Listeria at Pennsylvania Dairy Prompts Warning on Raw Milk

<"">Listeria tainted milk has prompted Pennsylvania health officials to issue  a warning about raw milk sold by a dairy in Butler county.   State agriculture officials say the raw milk from the Fisher’s Dairy in Portersville, a town in southwestern Pennsylvania, should be discarded immediately because samples tested positive for the bacteria Listeria.  Raw milk is milk that hasn’t been pasteurized or homogenized.

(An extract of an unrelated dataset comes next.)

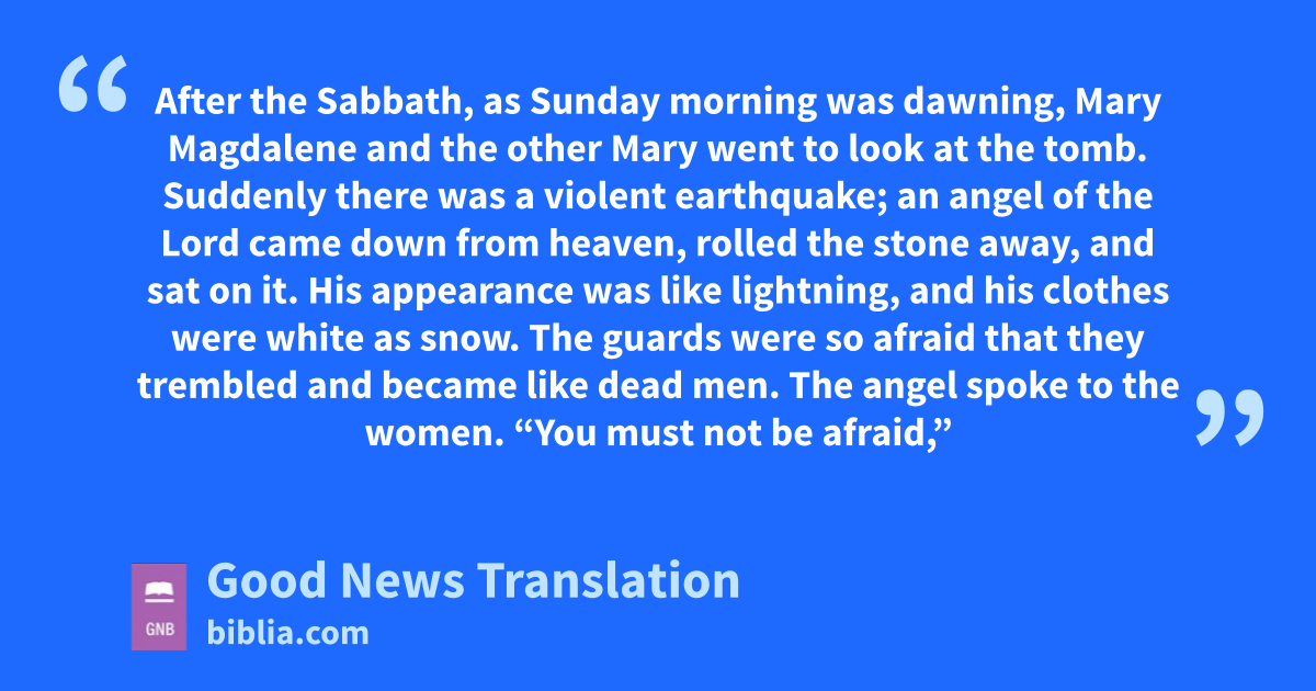 28 After the Sabbath, as Sunday morning was dawning, Mary Magdalene and the other Mary went to look at the tomb. 2Suddenly there was a violent earthquake; an angel of the Lord came down from heaven, rolled the stone away, and sat on it. 3His appearance was like lightning, and his clothes were white as snow. 4The guards were so afraid that they trembled and became like dead men.

According to the U.S. Centers for Disease Control and Prevention (CDC), about 2,500 people become seriously ill with listeriosis annually; 500 result in death. Consumption of food contaminated with Listeria monocytogenes can cause listeriosis, a serious although relatively rare infection.  Listeriosis is a type of food poisoning especially dangerous to the elderly, pregnant women, newborns, and those with chronic medical conditions.  
Most people infected with listeriosis only experience mild flu like symptoms—fever, muscle aches, nausea, or diarrhea—and usually never report them.  In serious cases, the disease spreads to the nervous system, causing headaches, stiff neck, and convulsions.  Listeria lives in soil and water and can easily contaminate dairy and beef products; because Listeria thrives in cold, milk is an ideal environment.  Listeriosis outbreaks have been associated with consuming unpasteurized or raw milk, contaminated soft cheeses, vegetables, and ready-to-eat meats.  Animals can carry the bacterium without appearing ill, contaminating foods of animal origin such as meats and dairy products.

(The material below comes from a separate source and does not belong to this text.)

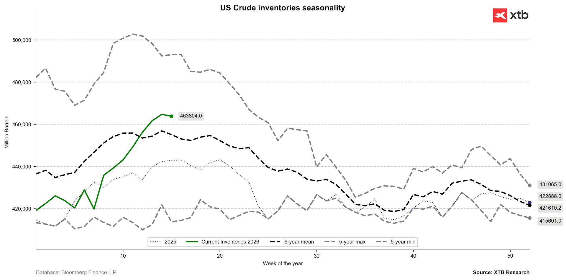 - Zásoby ropy: pokles o 0,9 milióna barelov na 463,8 milióna barelov, čo trh prekvapilo, pretože sa očakával rast zásob.

An agriculture department spokesman says officials also question the pasteurization process at Fisher’s Dairy in Portersville.  The state is trying to determine how the Listeria is getting into the milk.  Dairy owner Richard Fisher says he canceled his raw milk permit last year, but kept selling raw milk to a few customers who requested it and says he expects tests on his pasteurized milk to be negative.

In 1998, 15 deaths and six miscarriages were linked to Listeria traced to meat shipped from the Bil Mar factory.  In recent months, Listeria has been the focus of a number of outbreaks, including at least three cases in North Carolina which were linked to soft cheeses from a variety of sources, and an outbreak at the Whittier Farms dairy in Massachusetts resulted in the deaths of four people

In January, in Olympia, Washington, the Ca Rem #1 Ice Cream, SeaTac voluntarily recalled its coconut-flavored popsicles when routine sampling and analysis by the Washington State Department of Agriculture revealed the presence of Listeria.  In February, the Minnesota Department of Agriculture (MDA) alerted the public to avoid consuming smoked pork and beef bratwurst produced by J&B Meats, of Barnesville, Minnesota when a routine product sampling revealed contamination with the Listeria monocytogenes bacteria.

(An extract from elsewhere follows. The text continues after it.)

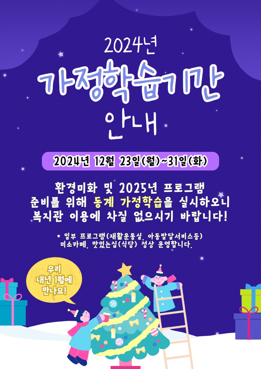 환경미화 및 2025년 프로그램 준비를 위해 동계 가정학습을 실시하오니 복지관 이용에 차질 없으시기 바랍니다!

Earlier this month, Meijer Inc. of Grand Rapids, Michigan, pulled 2,184 pounds of frozen entrees after the US Department of Agriculture (USDA) alerted the company that microbiological sample testing showed the food could be tainted with Listeria.  Most recently, the Stop & Shop Supermarket Company voluntarily recalled four types of prepared chicken due to potential Listeria contamination.